# Help... I'm too distant and I dont know how to change



## Jimena (May 28, 2012)

For the last few years, my husband and I have argued more and more often. He feels like I'm not supportive enough. I do recognize that I often shut down my emotions, but even when I catch myself putting up walls, I don't know how to take them down. We argue, then I feel horrible, then I feel defensive, then confused. It's a horrible cycle that I don't know how to stop.


----------



## EleGirl (Dec 3, 2011)

Need more info... Do you work outside the home?

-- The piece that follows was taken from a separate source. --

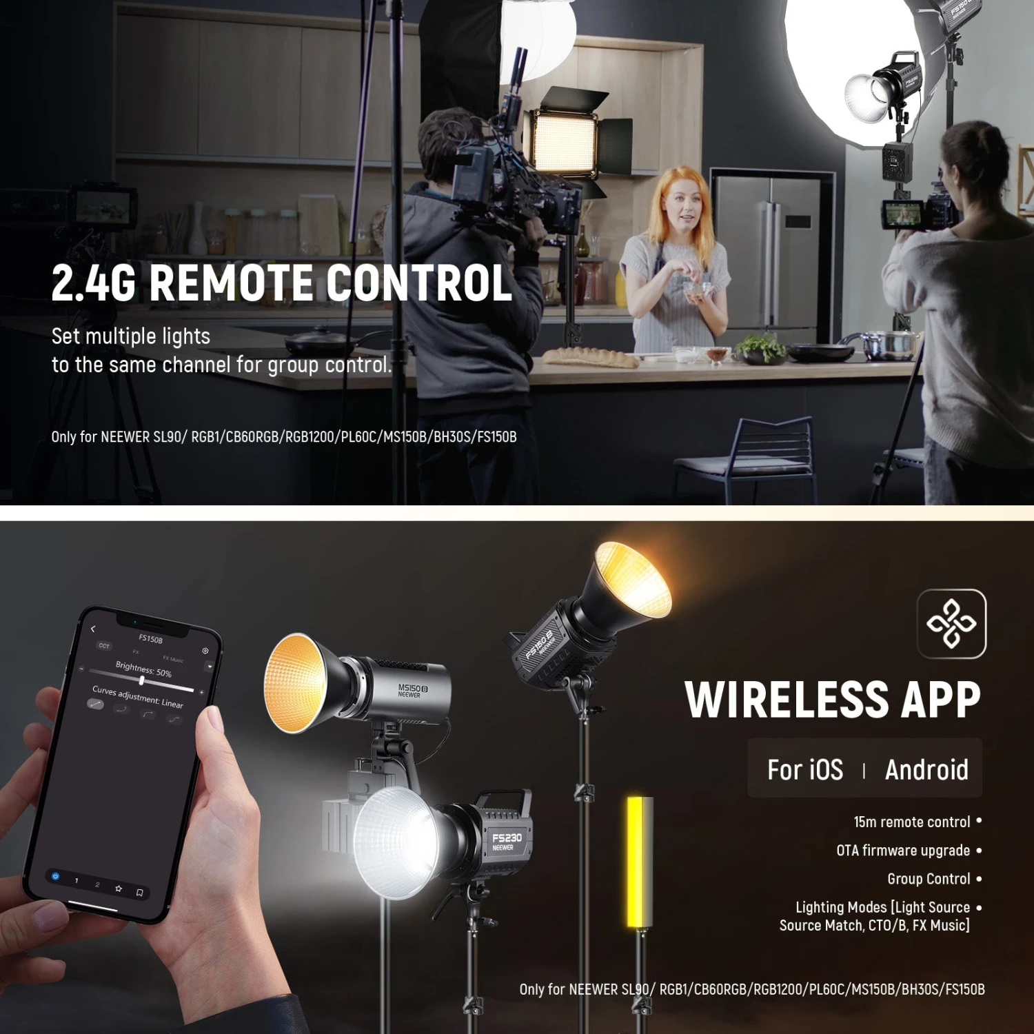 - Infinity App & 2.4G Wireless Control– The NEEWER APP supports group control and OTA firmware updates. It also provides Light Source, FX Music, and other functions for advanced lighting control. The built in 2.4G system supports group control of different models (SL90 Pro, RGB1, RGB C80, RGB 1200, MS60C, MC60B, MS150B, BH30S, FS150B, CB200B, and CB60B) in 00-99 channels. When all lights are set in the same channel, setting 1 light can make others change in tandem

How many hours a week do the two of you spend doing things, just the two of you?


----------



## Jimena (May 28, 2012)

I'm a teacher and grad student. While that keeps me busy and at times stressed, I still spend plenty of time at home. I tend to disappear into tv land though. I watch a lot of tv. The last two years have been rough on my husband; he's struggled with unemployment and issues with his parents, but we always ending up talking about me. He's perceptive and emotionally supportive, but I have difficulty reciprocating.


----------



## Jimena (May 28, 2012)

We physically spend a lot of time together, hanging around at home. Sometimes we go out for a sunday drive or antiquing. He signed up to take a class with me that for a month meets 8hrs a week.


----------



## YinPrincess (Jul 31, 2011)

As the spouse of a distant person I can tell you it is often very painful to desire that emotional closeness and reciprocation, only to be met wiuth defensiveness, blame-shifting and stonewalling - if not even hostility. (I'm not saying you do these things, just speaking from my experience).

If it seems like your husband "picks fights" or complains a lot, it could be that he just needs you to stop what you're doing for a moment, take the time to really listen and understand, offer hugs and kisses and some reassurance. I know my husband finds this very awkward to do, and will sometimes resist. When he does offer these things to me, I feel much better because I feel like he CARES and is showing it by making me a priority, even if for just a few moments. It can really turn me around, as far as I'm feeling, and sometimes that's all it takes!

I think you're very honest and caring to be seeking ways to self-improve and be there for him! I hope I've helped! Best of luck to you! 
_Posted via Mobile Device_


----------



## EleGirl (Dec 3, 2011)

Why are you disappearing into TV land and not spending time with your husband?

To remain emotionally connected a couple should spend at least 15 hours a week doing date-like things… anything from simple thinks like having a discussion about just about anything to going out to a fine restaurant.

Perhaps you could make a list of things that you could do to show interest in him. Then make sure you do some of them every day.
For most men, esteem support is very important. Most men love encouragement, appreciation and praise. 

Do this every day: Make a pot of coffee (or whatever), ask him to join you and sit where you can look at each other. Ask him how he’s doing. Ask about his job hunting. Ask about his family issues. When he talks just listen to him. The point is to just be a good listener. If the conversation turns to you, tell him that this is his time. Spend at least 15-30 minutes a day doing this. Of course if it turns into a longer discussion, good.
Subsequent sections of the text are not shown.